Hiwatashi Kiyokazu, Ueno Shinichi, Sakoda Masahiko, Iino Satoshi, Minami Koji, Yamasaki Yoichi, Okubo Keishi, Noda Masahiro, Kurahara Hiroshi, Mataki Yuko, Maemura Kosei, Shinchi Hiroyuki, Natsugoe Shoji
1. Department of Digestive Surgery, Breast and Thyroid Surgery Graduate School of Medical and Dental Sciences Kagoshima University, Sakuragaoka 8-35-1 Kagoshima, 890-8520, Japan.
2. Department of Clinical Oncology, Graduate School of Medical and Dental Sciences Kagoshima University.
J Cancer. 2015 Mar 7;6(5):438-47. doi: 10.7150/jca.10398. eCollection 2015.
The number of patients with hepatocellular carcinoma (HCC) in the absence of both hepatitis B virus surface antigen (HBsAg) and hepatitis C virus antibody (HCVAb) (NBNC-HCC) has been rapidly increasing in Japan. The objective of this study was to compare the clinical and pathological characteristics between patients with the NBNC-HCC, those with HBsAg positive HCC (B-related HCC) and HCVAb positive HCC (C-related HCC). A better understanding will facilitate the development of postoperative strategies to better manage patients with NBNC-HCC.

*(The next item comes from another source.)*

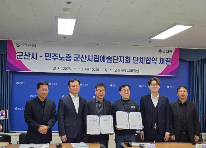 [파이낸셜경제=김예빈 기자] 군산시와 민주노총 공공운수사회서비스노조 군산시립예술단지회가 시립예술단의 운영 안정화와 지속적인 발전을 위한 단체협약을 18일 체결했다고 밝혔다.

Consecutive 219 patients with primary HCC: (B-related, n=35; C-related, n = 104; NBNC, n = 80) were treated by hepatic resection or ablation. Clinicopathological characteristics including postoperative course were retrospectively compared between the three groups.
When comparing within stage I and II, the NBNC-HCC group had improved recurrence free survival (RFS) compared to the C-related HCC (p = 0.013) but had not been good overall survival (OS). Moreover, the NBNC-HCC group showed higher rate of death due to other cancers and cardiovascular disease (p = 0.011) compared to the C-related HCC. Multivariate analysis revealed that the only prognostic factor for RFS in the NBNC-HCC group was high serum total bilirubin.

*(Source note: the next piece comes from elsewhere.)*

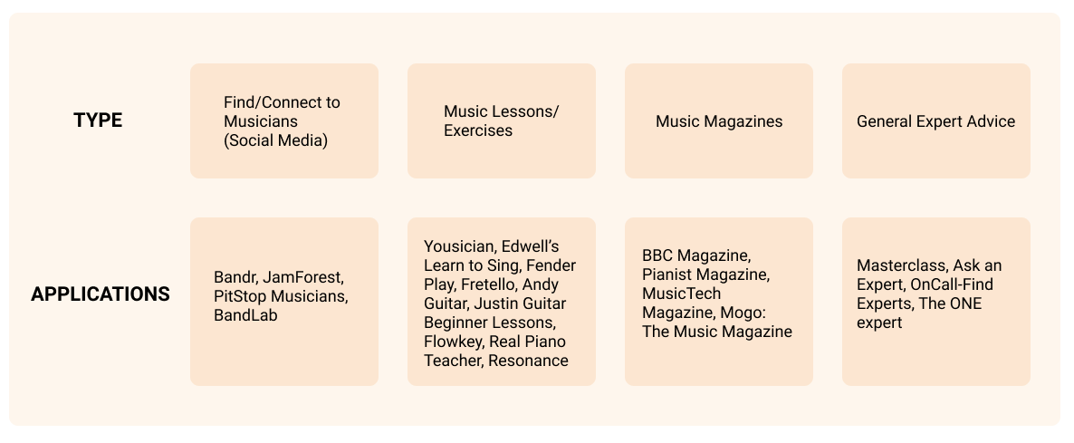 From the competitive analysis, I planned to encompass a larger range of musical topics/instruments and seek experts with standard professional experience for the application.

In the patients with the NBNC-HCC, elevated serum bilirubin could predict poor RFS after surgery. Furthermore, patients must be carefully followed-up not only for HCC but also for the occurrence of other critical diseases including multiple other cancers.
在日本,既无乙肝表面抗原(HBsAg)也无丙肝抗体(HCVAb)的肝细胞癌(HCC)患者数量一直在迅速增加。本研究的目的是比较无HBsAg和HCVAb的HCC患者(NBNC-HCC)、HBsAg阳性的HCC患者(B相关HCC)和HCVAb阳性的HCC患者(C相关HCC)之间的临床和病理特征。更好地了解这些特征将有助于制定术后策略,以更好地管理NBNC-HCC患者。
连续纳入219例原发性HCC患者(B相关,n = 35;C相关,n = 104;NBNC,n = 80),接受肝切除或消融治疗。对三组患者的临床病理特征(包括术后病程)进行回顾性比较。
在I期和II期患者中比较时,NBNC-HCC组的无复发生存期(RFS)较C相关HCC组有所改善(p = 0.013),但总生存期(OS)不佳。此外,与C相关HCC组相比,NBNC-HCC组因其他癌症和心血管疾病导致的死亡率更高(p = 0.011)。多因素分析显示,NBNC-HCC组中RFS的唯一预后因素是血清总胆红素水平升高。
在NBNC-HCC患者中,血清胆红素升高可预测术后RFS不佳。此外,不仅要对HCC患者进行密切随访,还要对包括多种其他癌症在内的其他严重疾病的发生情况进行密切随访。